Some of these situations, as movie situations will, involve dialogue, but though adroit visually, McG has no gift for the spoken word and whenever characters talk for a minute or two, the film rolls over and plays dead. There are, after all, only so many times you can cut to tongue-in-cheek shots of one of the Angels rapturously tossing her hair.

The film also reaches into the past for its sexual politics, with mildly risque language (example: “My hands aren’t going anywhere near your staff”) going hand in hand, so to speak, with low-cut, tight-fighting costumes and more loving shots of well-built rear ends than a month of Dodge Truck commercials. No doubt this is what original executive producer Leonard Goldberg means when he says his show “may have been the beginning of the empowerment of women within popular culture.”

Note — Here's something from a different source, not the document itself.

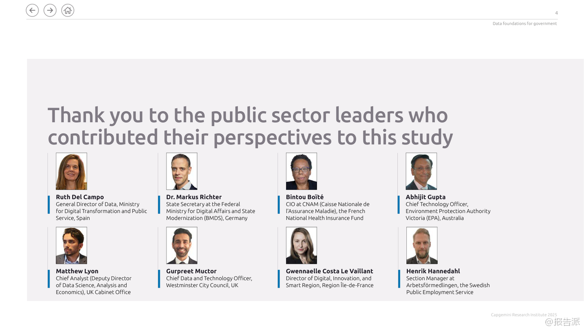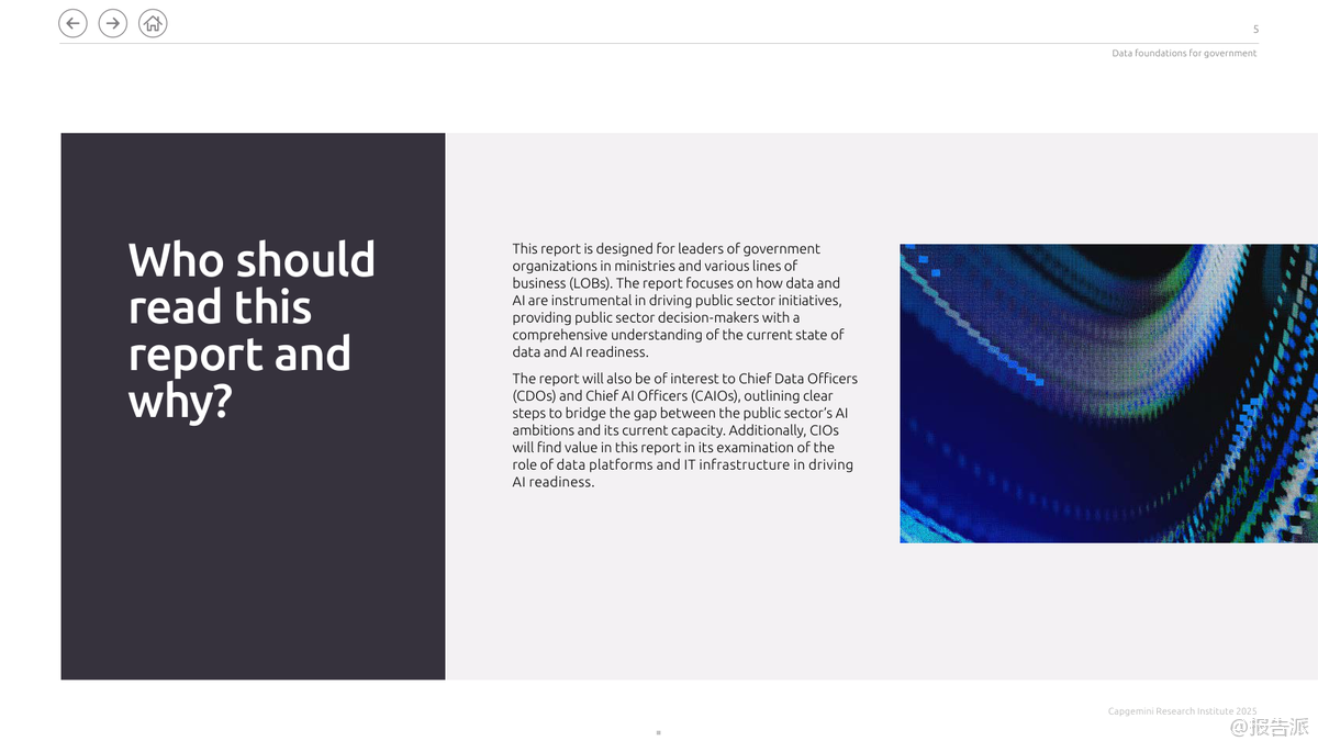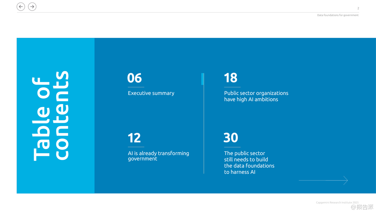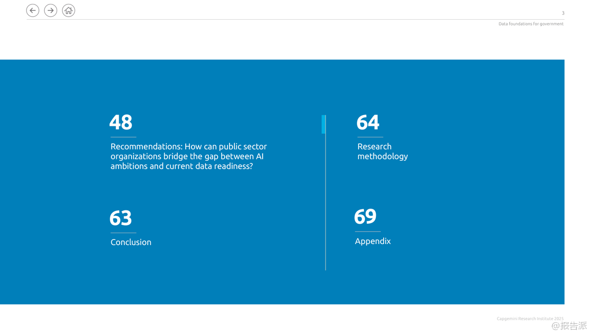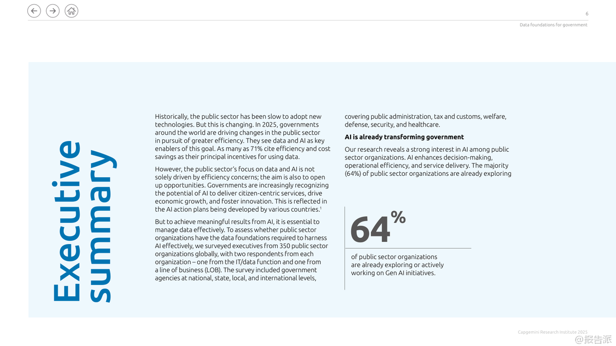 2025年,全球政府正加速推進數(shù)字化轉(zhuǎn)型,數(shù)據(jù)與人工智能(AI)被視為提升公共部門效率、優(yōu)化服務(wù)交付的核心驅(qū)動力。 然而,盡管各國政府對AI抱有高度期待,實際落地仍面臨嚴峻挑戰(zhàn)——核心癥結(jié)在于薄弱的數(shù)據(jù)基礎(chǔ)。 根據(jù)凱捷發(fā)布的《2025政府數(shù)據(jù)基礎(chǔ)建設(shè)研究報告》,高達64%的公共部門組織正在探索或積極部署生成式AI(Gen AI),其中國防、醫(yī)療和安全領(lǐng)域尤為領(lǐng)先,占比分別達82%、75%和70%。 更有90%的組織計劃在未來2-3年內(nèi)試點或?qū)嵤└咦灾餍缘摹爸悄荏wAI”(agentic AI)。 這表明,政府已不滿足于簡單的自動化,而是追求能自主決策、協(xié)同工作的高級AI應(yīng)用。 但現(xiàn)實是,僅有21%的組織進入試點或部署階段,真正將Gen AI投入生產(chǎn)的更是不足6%。 阻礙進展的關(guān)鍵因素包括:79%的機構(gòu)擔憂數(shù)據(jù)安全,74%缺乏對AI輸出的信任,71%受困于數(shù)據(jù)主權(quán)合規(guī)問題,以及普遍存在的預(yù)算限制和技術(shù)人才短缺。 更深層次的問題在于整體數(shù)據(jù)成熟度低下。 報告顯示,不到25%的公共部門在任何一項數(shù)據(jù)準備維度上達到高成熟水平。 尤其在數(shù)據(jù)基礎(chǔ)設(shè)施擴展、數(shù)據(jù)文化培育和AI技能儲備方面,成熟度分別僅有10%、9%和7%。 這意味著大多數(shù)政府尚未建立起支撐大規(guī)模AI應(yīng)用所需的數(shù)據(jù)治理體系、技術(shù)平臺和組織能力。 數(shù)據(jù)共享進展同樣緩慢。 盡管所有受訪機構(gòu)都認可其重要性,但僅有35%已啟動或全面部署數(shù)據(jù)共享計劃,完全部署的更是只有8%。 文化壁壘、信任缺失和系統(tǒng)互操作性差是主要障礙。 與此同時,數(shù)字主權(quán)成為新焦點,64%關(guān)注數(shù)據(jù)主權(quán),58%擔憂云主權(quán),52%重視AI主權(quán),反映出政府對技術(shù)自主權(quán)的強烈訴求。 報告指出,要彌合“AI雄心”與“數(shù)據(jù)現(xiàn)實”之間的鴻溝,必須采取系統(tǒng)性變革:首先,強化頂層設(shè)計,明確首席數(shù)據(jù)官(CDO)和首席AI官(CAIO)的權(quán)責,并確保充足資源支持;其次,推動漸進式技術(shù)現(xiàn)代化,優(yōu)先投資可擴展的云原生數(shù)據(jù)基礎(chǔ)設(shè)施;再次,加強跨部門數(shù)據(jù)治理與互操作標準建設(shè),打破數(shù)據(jù)孤島;最后,大力培養(yǎng)公務(wù)員的數(shù)據(jù)素養(yǎng)和AI應(yīng)用能力,構(gòu)建以公民為中心的數(shù)據(jù)驅(qū)動文化。 總而言之,2025年的政府AI競賽,勝負關(guān)鍵不在算法本身,而在誰擁有更堅實、更可信、更開放的數(shù)據(jù)根基。 唯有夯實數(shù)據(jù)底座,AI的承諾才能真正轉(zhuǎn)化為高效、公平且可持續(xù)的公共服務(wù)。 出品方:凱捷 發(fā)布時間:2025年 文檔頁數(shù):83頁 |

Certainly empowered in terms of today’s Hollywood (co-star Barrymore is a producer and one of the driving forces in getting the film made), the three actresses who play the Angels all seem to be having fun on screen. How well that translates depends on how much of an empty-calories mood you happen to be in.

* MPAA rating: PG-13 for action violence, innuendo and some sensuality/nudity. Times guidelines: much martial arts violence and almost as much leering.

‘Charlie’s Angels’

Cameron Diaz: Natalie

Drew Barrymore: Dylan

Lucy Liu: Alex

Bill Murray: Bosley

Sam Rockwell: Eric Knox

Kelly Lynch: Vivian Wood

A Leonard Goldberg/Flower Films/Tall Trees production, released by Columbia Pictures. Director McG. Producers Leonard Goldberg, Drew Barrymore, Nancy Juvonen. Executive producers Betty Thomas, Jenno Topping, Joseph M. Caracciolo. Screenplay Ryan Rowe and Ed Solomon, and John August. Cinematographer Russell Carpenter. Editors Wayne Wahrman, Peter Teschner. Costumes Joseph G. Aulisi. Music Edward Shearmur. Production design J. Michael Riva. Art directors David F. Klassen, Richard F. Mays. Set decorator Lauri Gaffin. Running time: 1 hour, 32 minutes.